Jenkinson's book is interesting, fascinating and meticulously well researched. He spent more than 25 years researching each of Ruth's home runs, during spring training, the regular season, post season and on barnstorming tours.

Part of Jenkinson's book details Ruth's "hidden career" of exhibition games. Jenkinson calculates that Ruth participated in 800 exhibition games in six countries, 42 states and more than 200 cities. He blasted more than 300 homers in those games. In 1921, Ruth played an unbelievable total of 207 games. A consummate showman, Ruth kept an incredible schedule, not to mention his off-the-field activities.
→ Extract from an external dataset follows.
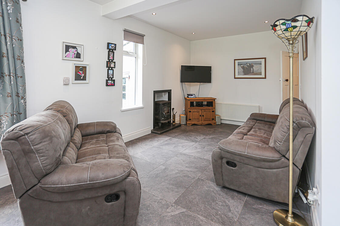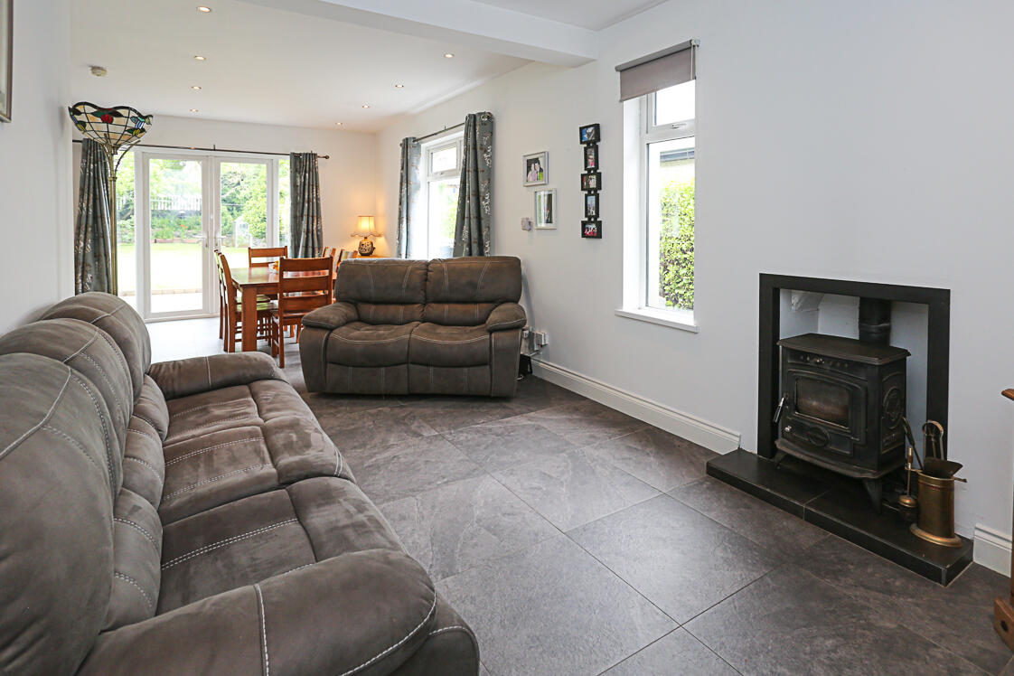 7.77m x 7.29m (25'6 x 23'11) - Living area with central wood burning stove, inset low voltage LED spotlights throughout, ample space for dining, fully fitted kitchen with range of high and low level units, space for fridge freezer, space for washing machine, space for range with glazed splashback, stainless steel sink and a half with drainer, chrome mixer tap, outlook to rear garden, integrated apartment sized dishwasher, uPVC and double glazed patio doors to rear garden, cloaks cupboard.

Jenkinson focuses on Ruth's power and superlatives. The Bambino didn't hit many routine home runs. Most fans really don't comprehend how spacious the ballparks were in Ruth's days. Jenkinson calculates that Ruth walloped 22 fly outs that traveled more than 450 feet. No one has ever hit as many balls as far as Ruth. What he could do in today's ballparks is unfathomable.

Jenkinson spends 70 pages near the end of the book discussing comparative difficulty of Ruth's home run feats compared to today's game, drawing conclusions and making projections. Stadium photographs showing where some of Ruth's monumental homers landed are particularly interesting and impressive.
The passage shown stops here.